Der BGH hat am 11. Juli 2017 in einem vorläufigen Urteil die von der Vorinstanz, dem Bundespatentgericht, erteilte vorläufige Zwangslizenz für den Vertrieb des AIDS-Medikamentes Isentress® (INN Raltegravir) bestätigt. Damit kann dieser 2007 in den USA und Europa zugelassene Hemmer der Integrase des AIDS-Virus von der US-Pharmagruppe Merck & Co. (MSD) angehörigen Firmen in Deutschland weiter vertrieben werden.
Dies erlaubt MSD, trotz eines Patentes des japanischen Unternehmens Shionogi vorläufig das Medikament in Deutschland weiter auf den Markt zu bringen.
Der BGH kam zum Ergebnis, die Bemühungen der Antragstellerinnen, eine Zustimmung zur Nutzung der Erfindung zu angemessenen geschäftsüblichen Bedingungen zu erlangen, seien unter den Umständen dieses Einzelfalls ausreichend gewesen. MSD hatte zehn Millionen Dollar für eine weltweite Lizenz geboten.

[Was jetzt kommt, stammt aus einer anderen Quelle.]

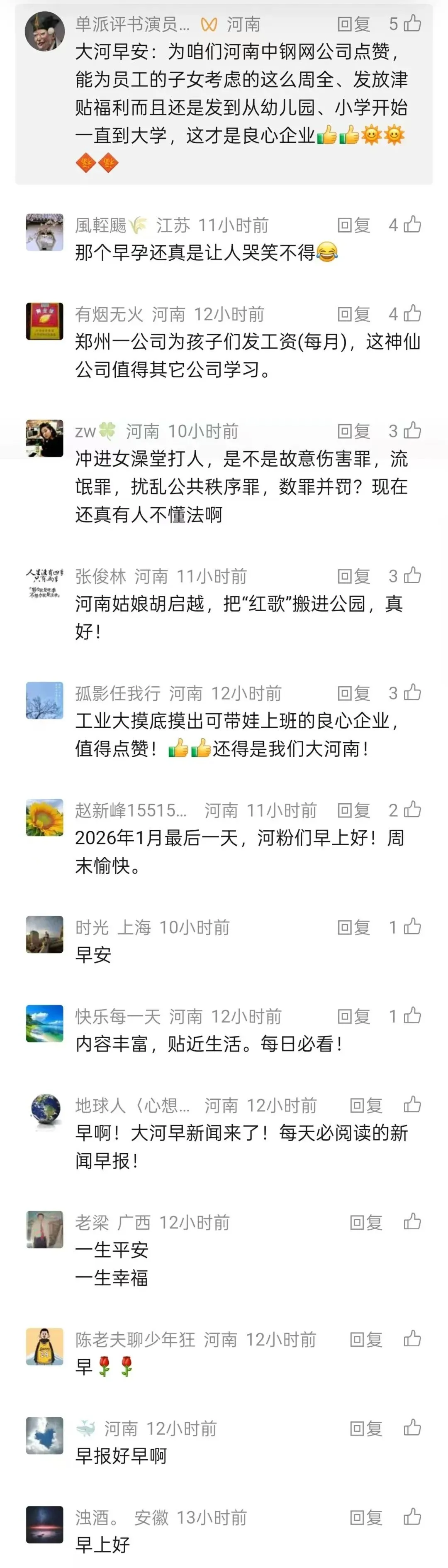 2026年1月包括郑州、鹤壁、濮阳、南阳、信阳等河南多地发布人事任免通知。👉详情一起来看(河南发布综合)⊙金价暴涨后迎史诗级暴跌!记者实探郑州市场,黄金回收柜台前挤满顾客1月30日晚至31日凌晨,黄金遭遇40年来最大单日下跌,白银也创出历史最大盘中跌幅。此次国际金价的“跳水”,迅速传导至国内零售市场。1月31日,国内金饰价格纷纷下跌,部分品牌金饰克价较前一日跌超100元,最低来到了1498元/克。记者线下走访了郑州金饰市场,多家商铺前人头攒动,柜台和收银台挤满顾客。来回收的顾客也明显增多。👉详情(河南发布综合)▼

Der X. Senat des BGH bejahte auch das Vorliegen eines öffentlichen Interesses an der Erteilung der Zwangslizenz. Nicht jeder HIV- oder AIDS-Patient sei auf das Medikament angewiesen. Doch gebe es Patientengruppen, wie Säuglinge, Kinder, Schwangere und Patienten, die bereits mit Raltegravir behandelt würden. Diesen Patientengruppen würden bei einer Umstellung auf ein anderes Medikament erhebliche Neben- und Wechselwirkungen drohen. Mit Dolutegravir und Elvitegravir gibt es zwar inzwischen zwei Konkurrenzprodukte aus der gleichen Wirkstoffklasse. Raltegravir jedoch hat sich als am besten verträglich erwiesen. Besonders vorteilhaft ist dabei, dass Raltegravir mit anderen Mitteln kaum unerwünschte Wechselwirkungen zeigt. Eine Zwangslizenz sei von öffentlichem Interesse, da nach einem Gutachten von Sachverständigen Patienten, die ohne ihre gewohnte Medikation mit Raltegravir blieben, aufgrund steigender Viruslast andere Menschen infizieren könnten.
Aus diesen Gründen, so der BGH, müsse der Vertrieb den amerikanischen Unternehmen weiterhin vorläufig gestattet werden.
Allerdings steht die Entscheidung der Klage im Hauptsacheverfahren noch aus.
Die Möglichkeit der Zwangslizenz ist in Deutschland in § 24 Absatz 1 des Patentgesetzes geregelt. Das Instrument wurde bisher kaum genutzt.